Bowen, who has been in real estate for 15 years, is seeing a few new trends.
First, there are more young families coming down with toddlers. Often they are third or fourth generation renters from the same family. Next — and related — demand has softened for gigantic multiple-generational houses as extended families are splitting off and looking for age-appropriate rentals better suited to their specific needs.
Tony and Marlene Bria of Warminster, PA, who have come to Ocean City each of the 32 summers they’ve been married, exemplify just that.
The couple, who rent through Monihan Realty, had rented the same multi-generational place for the past four years to accommodate both their older parents and their adult children.
On Sunday, they were looking for a more “kid-friendly” home for their grandchildren to vacation with them since Marlene’s mother and step-father are no longer coming to the shore. They’d scouted 12 locations and were ready to sign a lease.

“Something with space to store kids bikes and strollers,” Tony Bria said.
Michael Monihan, whose family began the eponymous real estate business in 1947, said the Internet, dual-wage earner families with limited vacation time and the competition of package vacations to exotic locations have changed the bustle of President’s Day weekend for renters, but the draw of picking out a place at the shore remains.
However, Ocean City’s prime rental season has shrunk as schools and activities run longer into June and school and activities start up again sooner in August. But demand for the heart of the summer is up this year over last year — and last year was their best year ever, Monihan said.
Nicholas J. Marotta, president of the Ocean City Board of Realtors, said members over all are reporting their rentals are up 10 to 14 percent over last season.
Most owners are holding the line on rates, all three Realtors agreed, a product of the stalled economy.

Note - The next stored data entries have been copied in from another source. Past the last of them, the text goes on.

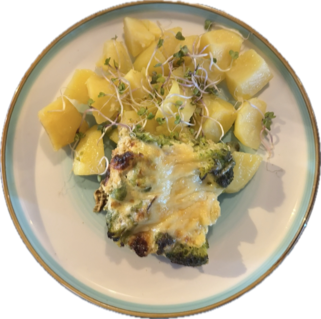 Zapekaná brokolica so syrom a vajíčkom, varené zemiaky
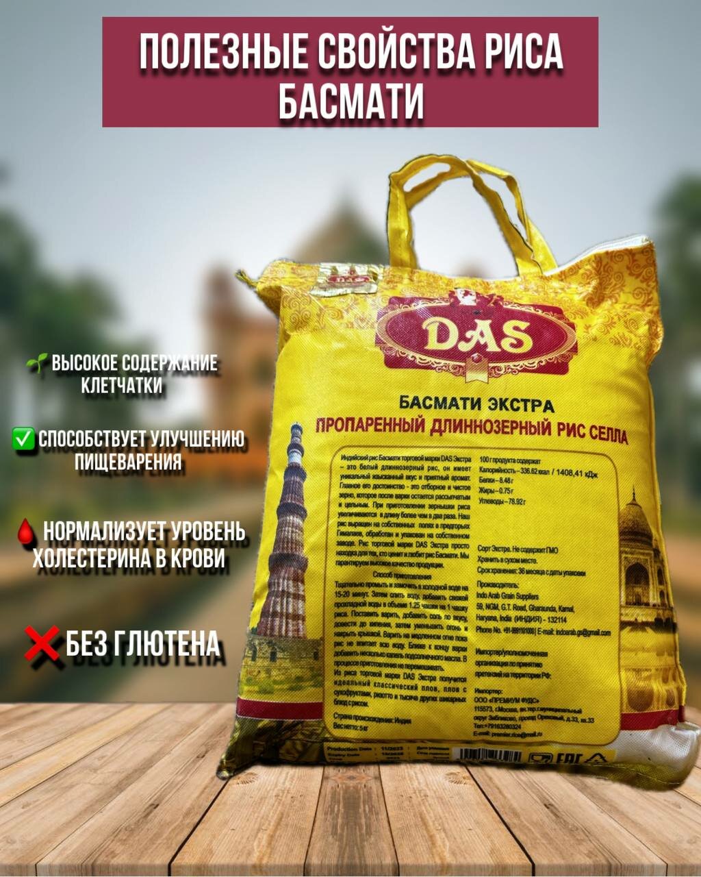 Рис, крупа индийский Басмати Das Extra пропаренный для плова 1 кг упаковка мешок информация:
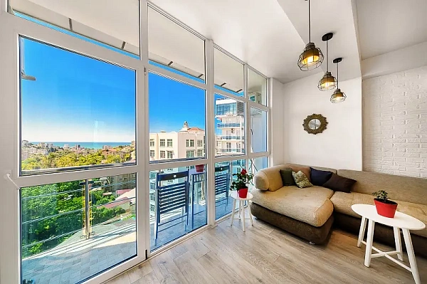 Квартира с напорамными окнами, большим открытым балконом, великолепным видом на город, горы и море.
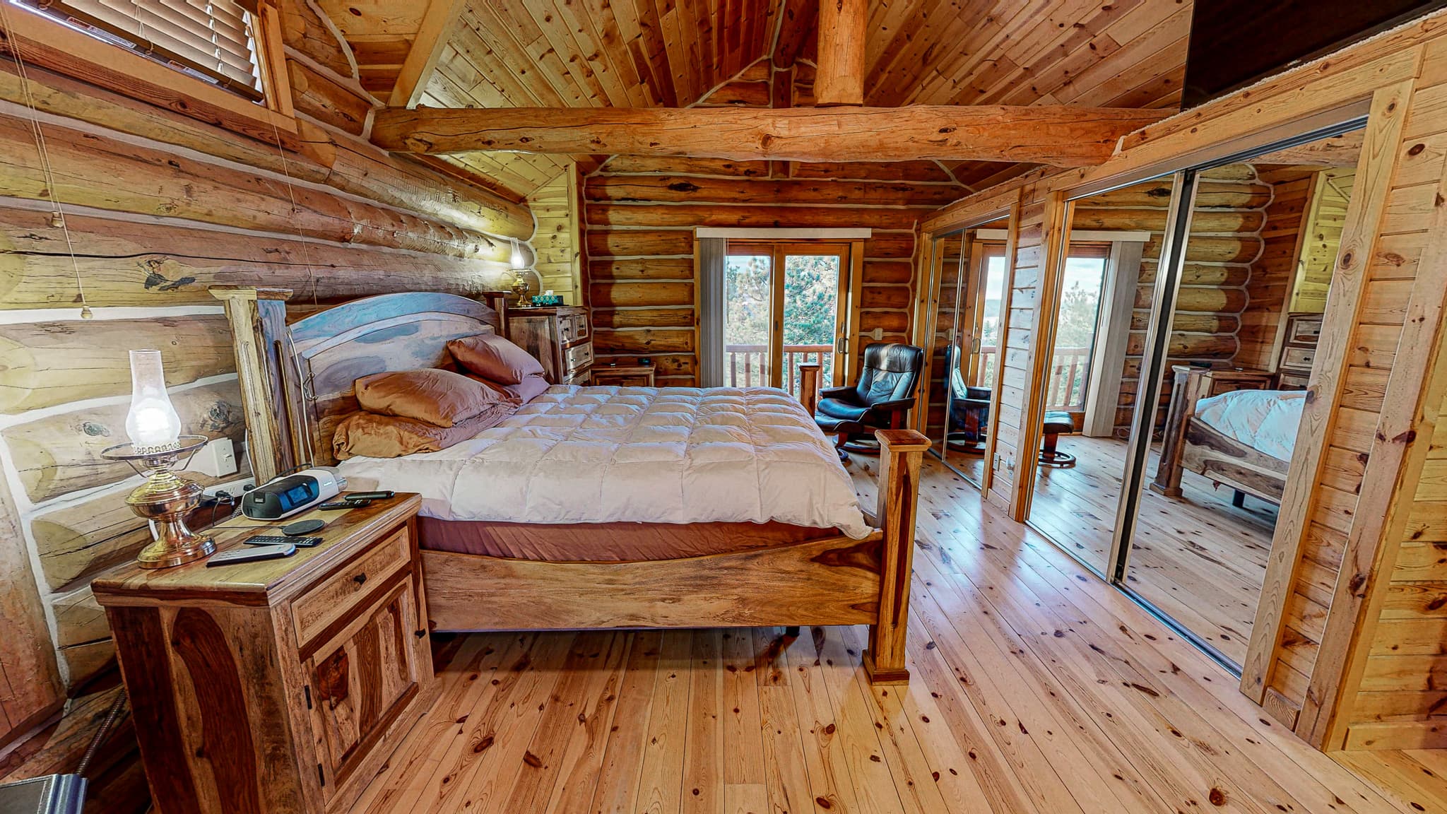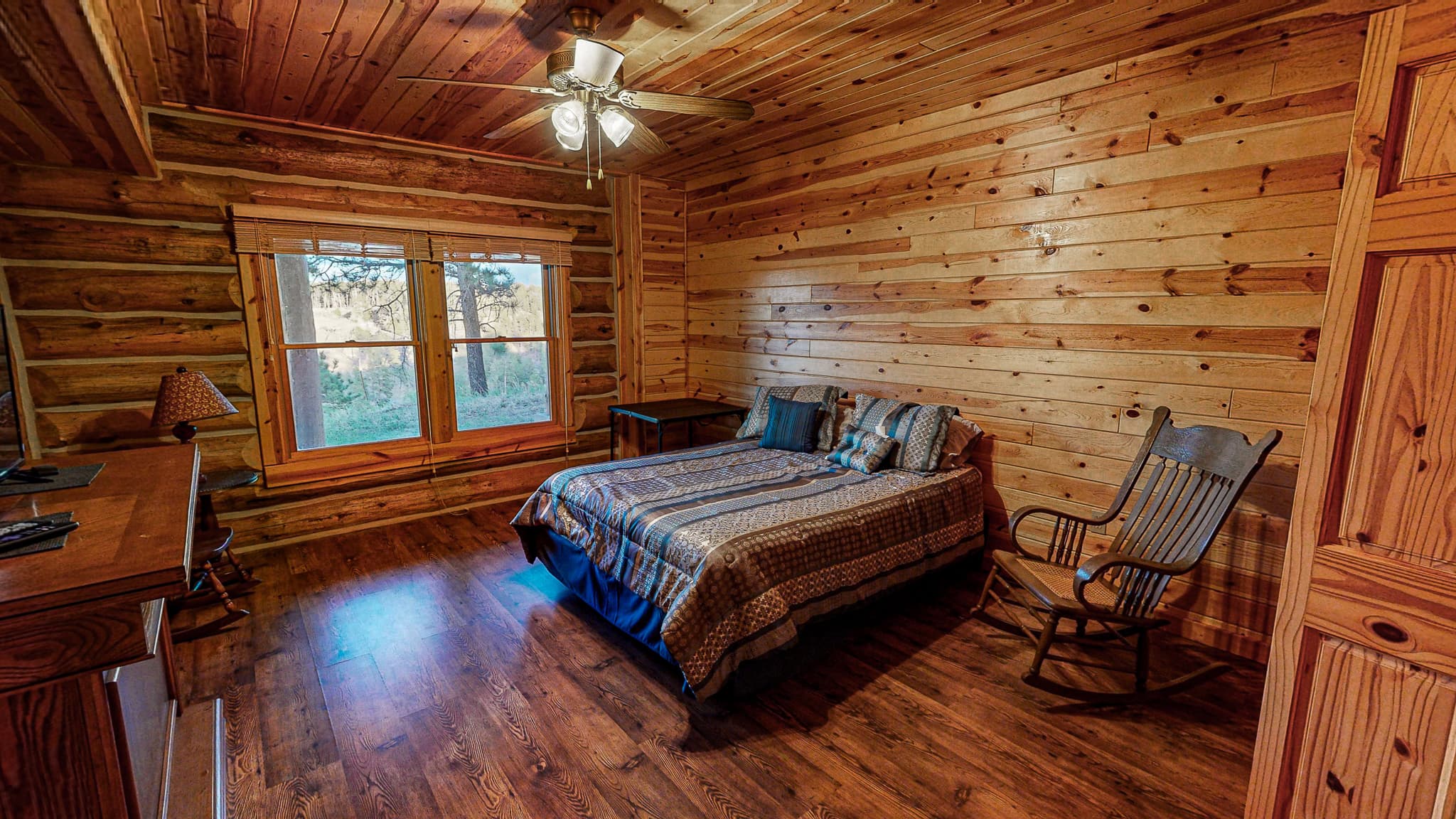 The property features a custom-built log home constructed in 2007 which provides 2,880± square feet of carefully planned living area. The great room showcases a two-story rock fireplace as its central feature among its three bedrooms and three bathrooms. The master suite on the upper floor includes a five-piece bathroom suite and a loft space which provides a view of the main living area. The lower level contains two bedrooms with a full bathroom and a private family room and direct access to the outdoors. The home provides year-round comfort through its heating system which includes in-floor radiant heat and forced air heating and air conditioning and a 15 kW backup generator.
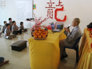 止静约5分钟后, 紧接下来是大众期待的佛法开示。尊敬的上真下信法师以 “新年种善因,未来得善果” 来解说 “新年快乐” 之意义。法师劝诫说我们不能只靠祈求或祝福就希望可以得到快乐;而是在这新的一年里多制造快乐的 “因” ,才能享受到快乐的 “果” 。
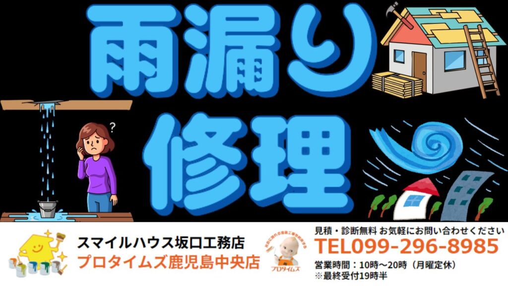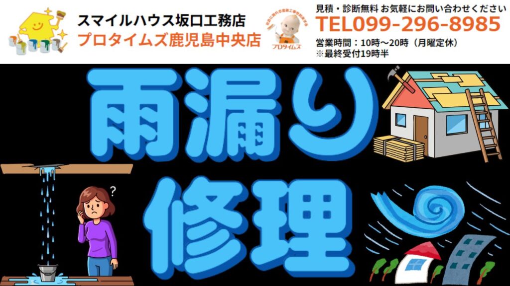 今回のお役立ちコラムでは、雨漏りはスピード勝負!放置するリスクとはと雨漏り修理の費用相場一覧表と修理費用の決まり方:小規模修理から大規模修理までと場所ごとの症状と具体的な修理内容と鹿児島市での業者選び:失敗しないための4つのポイントと知らなきゃ損!火災保険で雨漏り修理ができるかもと火災保険申請の5ステップについて詳しく解説します。
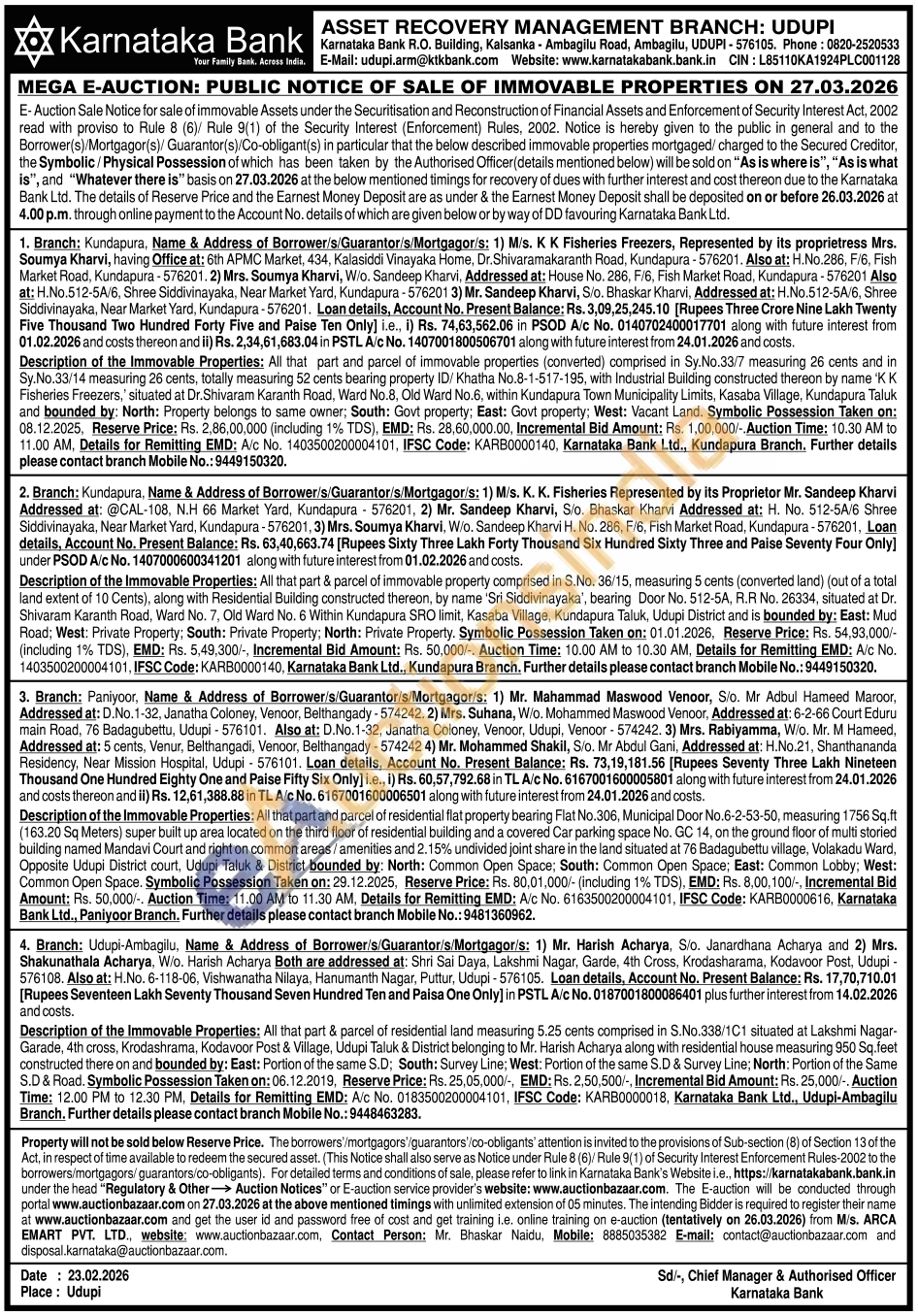 Description of the Immovable Properties: All that part & parcel of residential land measuring 5.25 cents comprised in S.No.338/1C1 situated at Lakshmi Nagar-Garade, 4th cross, Krodashrama, Kodavoor Post & Village, Udupi Taluk & District belonging to Mr. Harish Acharya along with residential house measuring 950 Sq.feet constructed there on and bounded by: East: Portion of the same S.D; South: Survey Line: West: Portion of the same S.D & Survey Line: North: Portion of the Same S.D & Road

That suits Michael Messenger, a second-year renter from Pennington, NJ, seeking a “reasonably priced” and child-friendly rental through Berger. He had focused in on a property after reviewing several.
Monihan said they rent the smallest and oldest places for as little as $500 a week, while larger beachfront properties in the best locations command as much as $10,000 a week — and few ask for more.
The heart of Monihan’s market, though, is a three-bedroom, two bath place on Asbury Avenue in the 30s, which rents for $2,000 to $2,300 a week during the best weeks.
As for sales, Monihan and Berger’s Frank Shoemaker are seeing the start of price stability in what had been a dropping market for the past several years, but both said demand was mostly in the low-range to mid-level, with top-priced properties still very sluggish movers.
Sill, Marotta said the total number of property sales increased by five percent last year as buyers took advantage of lower property prices and low mortgage rates.
“As far ahead as we are, there will be no last-minute deals this year,” she said.